(Extracted data entries)
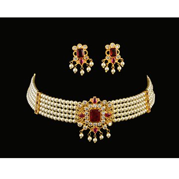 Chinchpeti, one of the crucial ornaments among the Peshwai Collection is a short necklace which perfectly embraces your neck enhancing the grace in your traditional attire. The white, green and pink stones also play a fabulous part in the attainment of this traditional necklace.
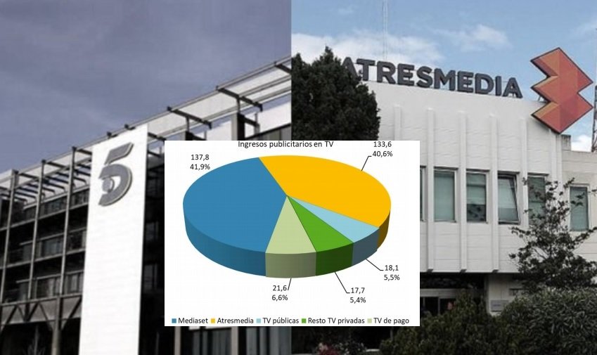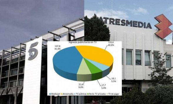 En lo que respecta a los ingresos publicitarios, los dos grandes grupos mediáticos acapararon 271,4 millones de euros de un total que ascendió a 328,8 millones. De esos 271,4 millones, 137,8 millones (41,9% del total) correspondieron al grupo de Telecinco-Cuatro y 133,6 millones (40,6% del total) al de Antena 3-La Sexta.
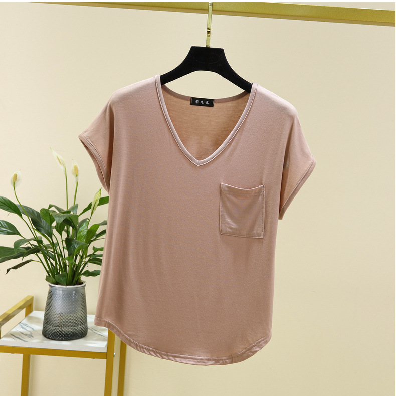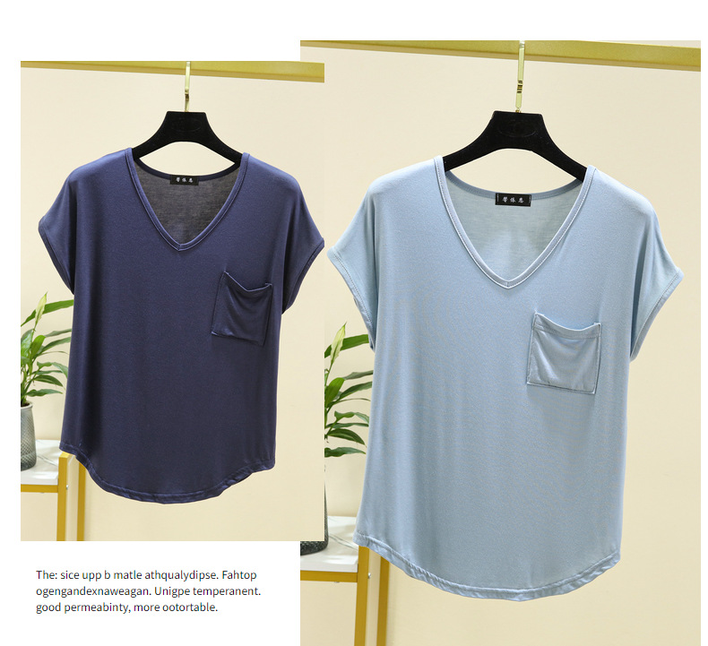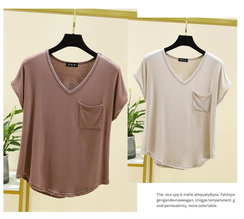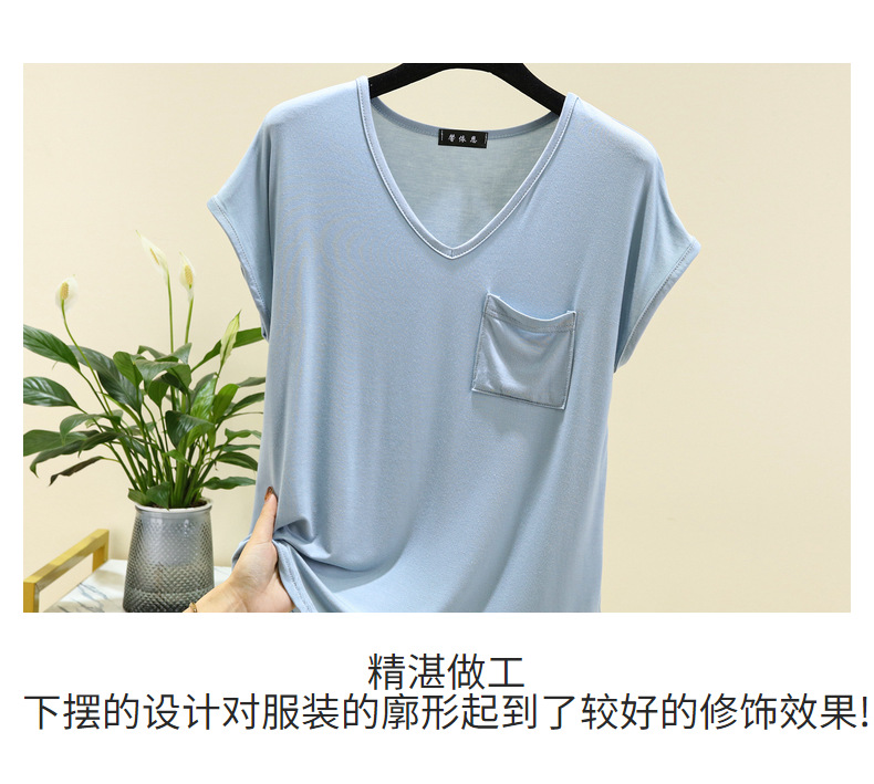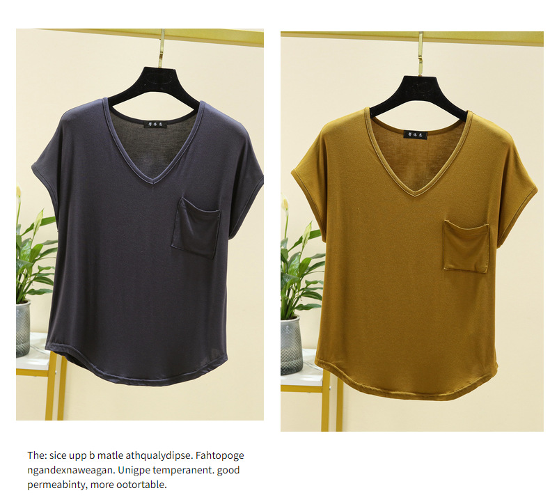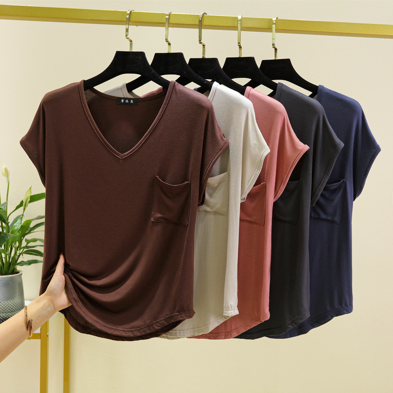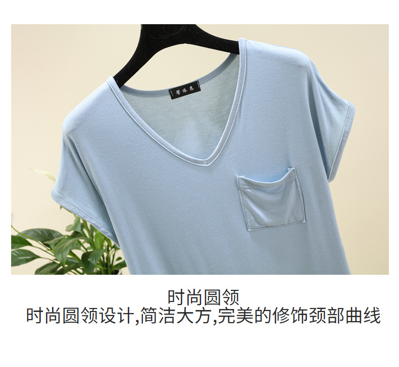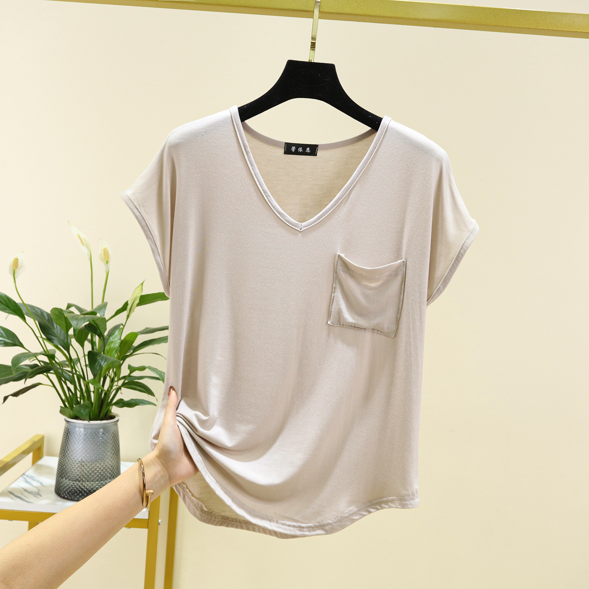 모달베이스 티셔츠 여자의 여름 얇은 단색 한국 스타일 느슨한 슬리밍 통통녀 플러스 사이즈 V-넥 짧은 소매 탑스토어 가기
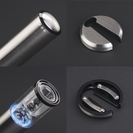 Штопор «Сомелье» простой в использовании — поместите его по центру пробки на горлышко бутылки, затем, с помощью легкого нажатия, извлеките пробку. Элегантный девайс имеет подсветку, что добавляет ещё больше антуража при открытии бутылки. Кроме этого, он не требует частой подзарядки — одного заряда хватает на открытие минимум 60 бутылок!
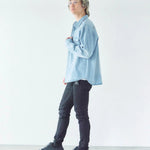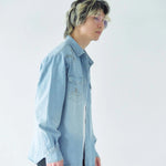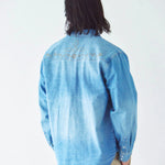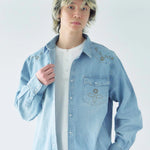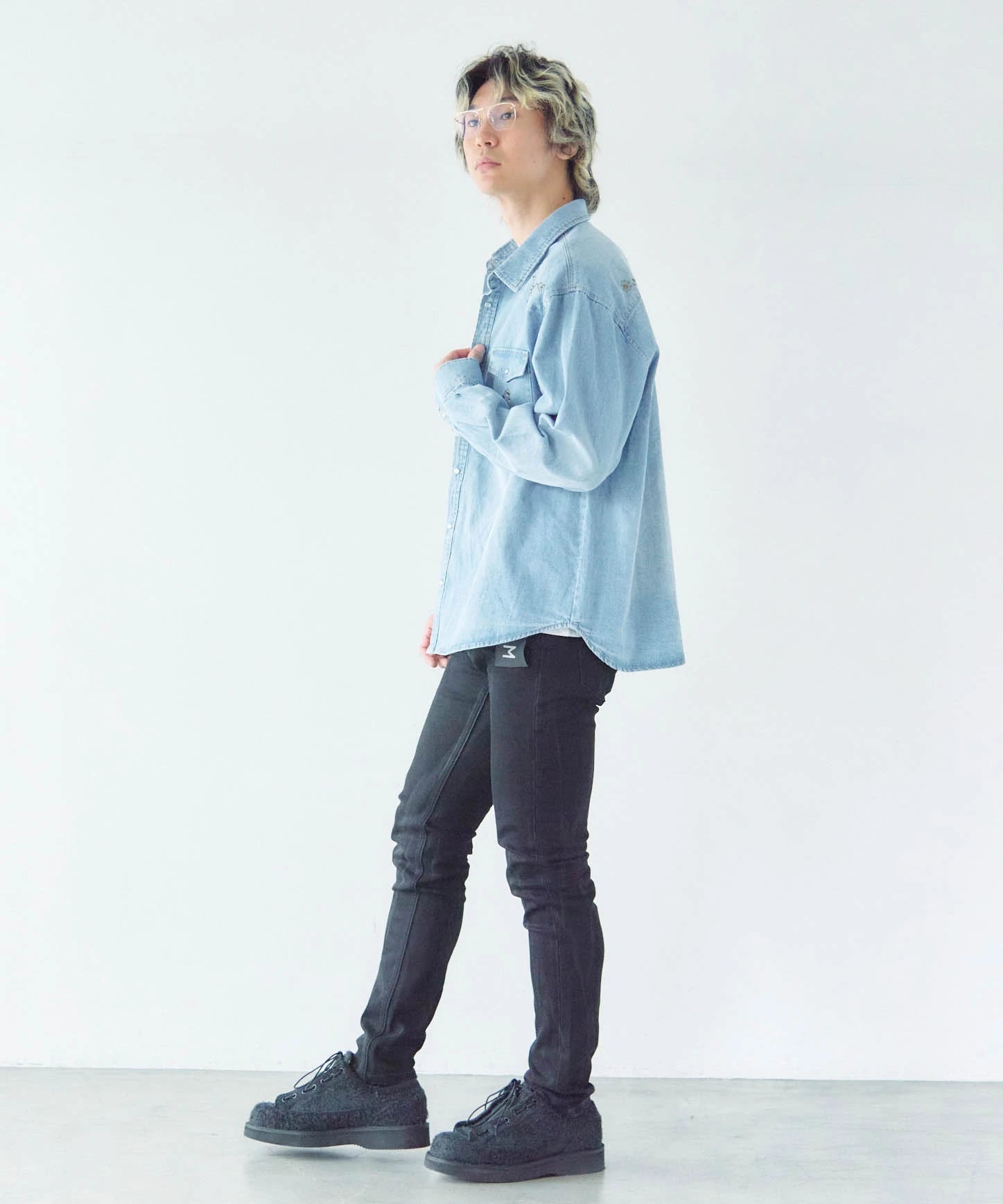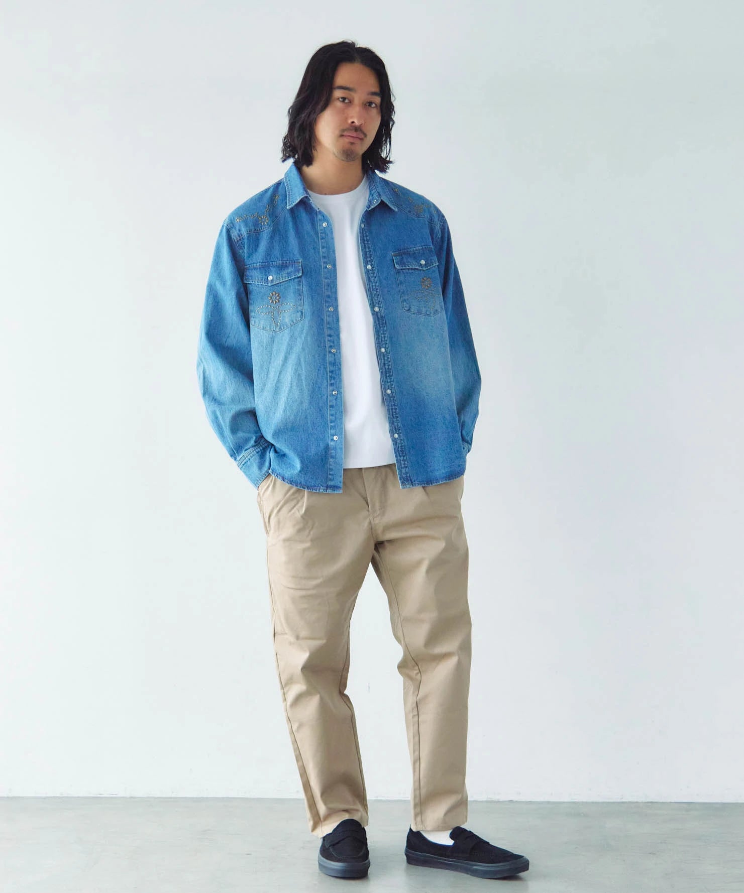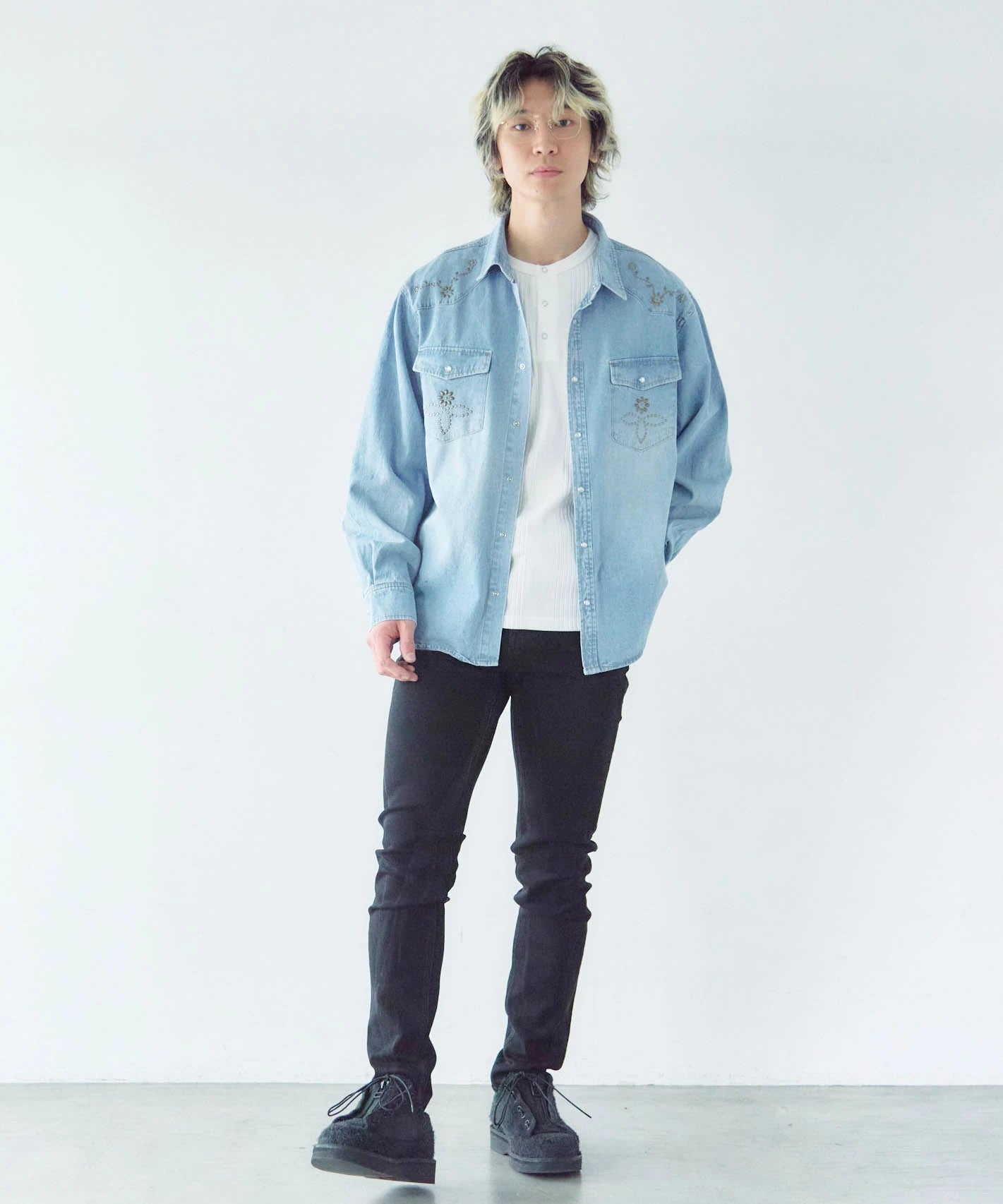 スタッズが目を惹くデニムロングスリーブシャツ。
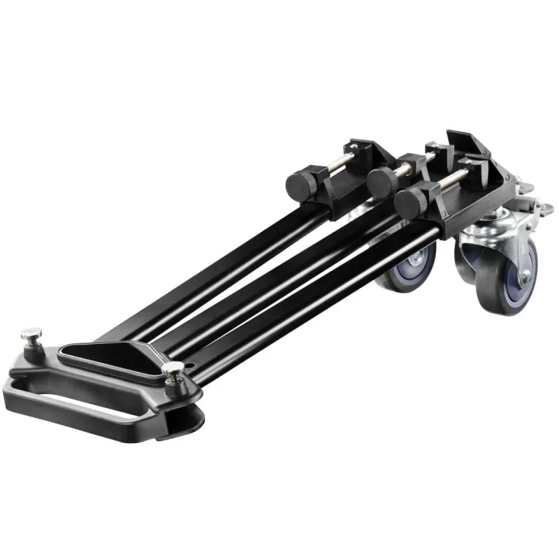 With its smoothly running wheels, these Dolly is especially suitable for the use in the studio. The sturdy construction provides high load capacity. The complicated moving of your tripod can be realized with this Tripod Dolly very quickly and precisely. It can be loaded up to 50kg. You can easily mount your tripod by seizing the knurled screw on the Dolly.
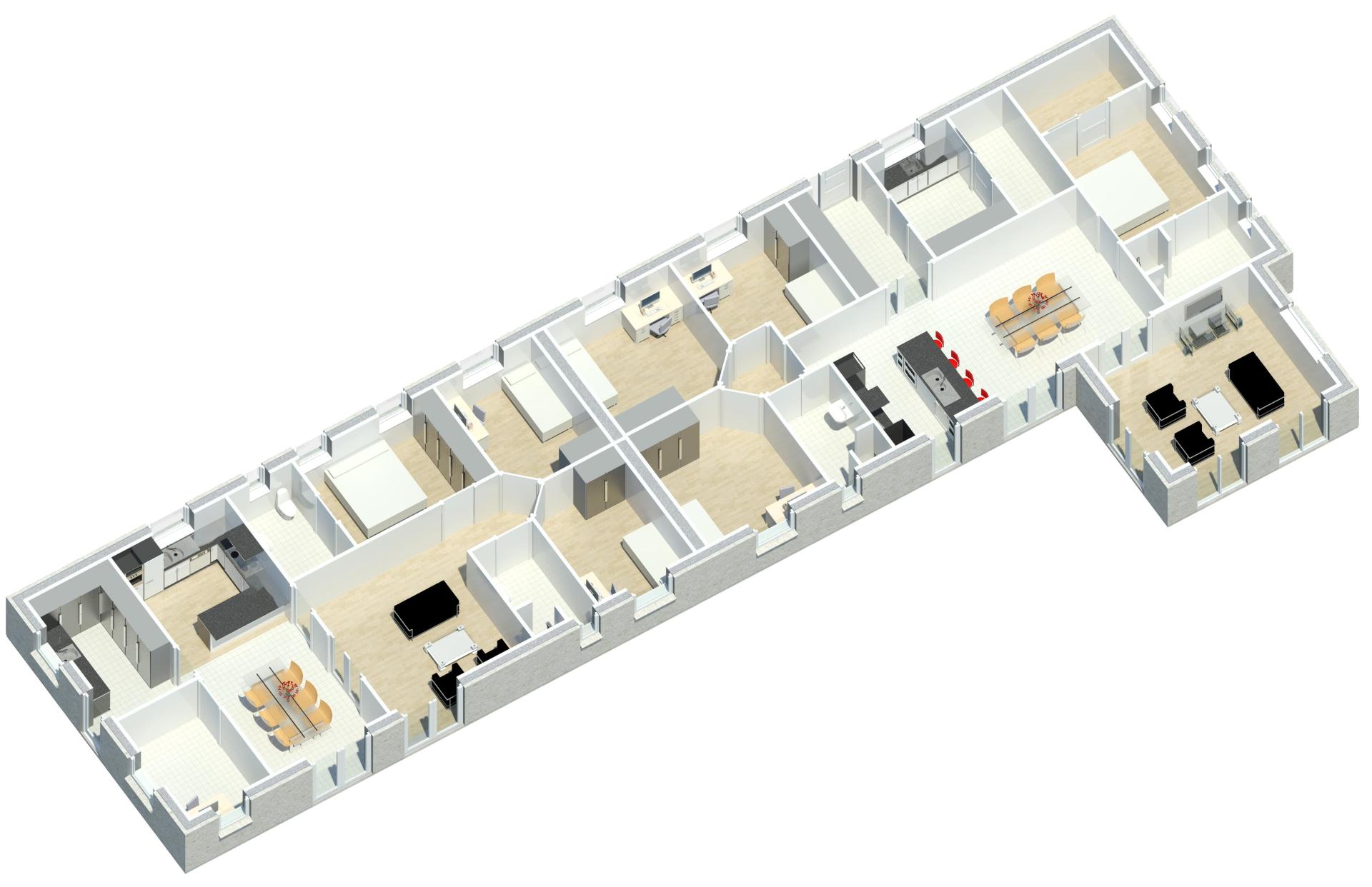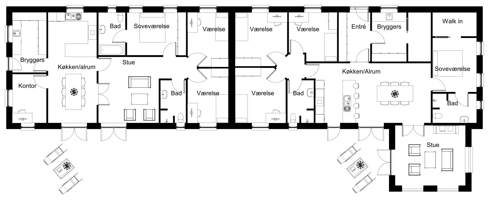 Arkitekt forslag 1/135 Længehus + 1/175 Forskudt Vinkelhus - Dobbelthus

(Problem requirements)
With the images excluded, output every record verbatim.

(Answer space)
 Chinchpeti, one of the crucial ornaments among the Peshwai Collection is a short necklace which perfectly embraces your neck enhancing the grace in your traditional attire. The white, green and pink stones also play a fabulous part in the attainment of this traditional necklace.
 En lo que respecta a los ingresos publicitarios, los dos grandes grupos mediáticos acapararon 271,4 millones de euros de un total que ascendió a 328,8 millones. De esos 271,4 millones, 137,8 millones (41,9% del total) correspondieron al grupo de Telecinco-Cuatro y 133,6 millones (40,6% del total) al de Antena 3-La Sexta.
 모달베이스 티셔츠 여자의 여름 얇은 단색 한국 스타일 느슨한 슬리밍 통통녀 플러스 사이즈 V-넥 짧은 소매 탑스토어 가기
 Штопор «Сомелье» простой в использовании — поместите его по центру пробки на горлышко бутылки, затем, с помощью легкого нажатия, извлеките пробку. Элегантный девайс имеет подсветку, что добавляет ещё больше антуража при открытии бутылки. Кроме этого, он не требует частой подзарядки — одного заряда хватает на открытие минимум 60 бутылок!
 スタッズが目を惹くデニムロングスリーブシャツ。
 With its smoothly running wheels, these Dolly is especially suitable for the use in the studio. The sturdy construction provides high load capacity. The complicated moving of your tripod can be realized with this Tripod Dolly very quickly and precisely. It can be loaded up to 50kg. You can easily mount your tripod by seizing the knurled screw on the Dolly.
 Arkitekt forslag 1/135 Længehus + 1/175 Forskudt Vinkelhus - Dobbelthus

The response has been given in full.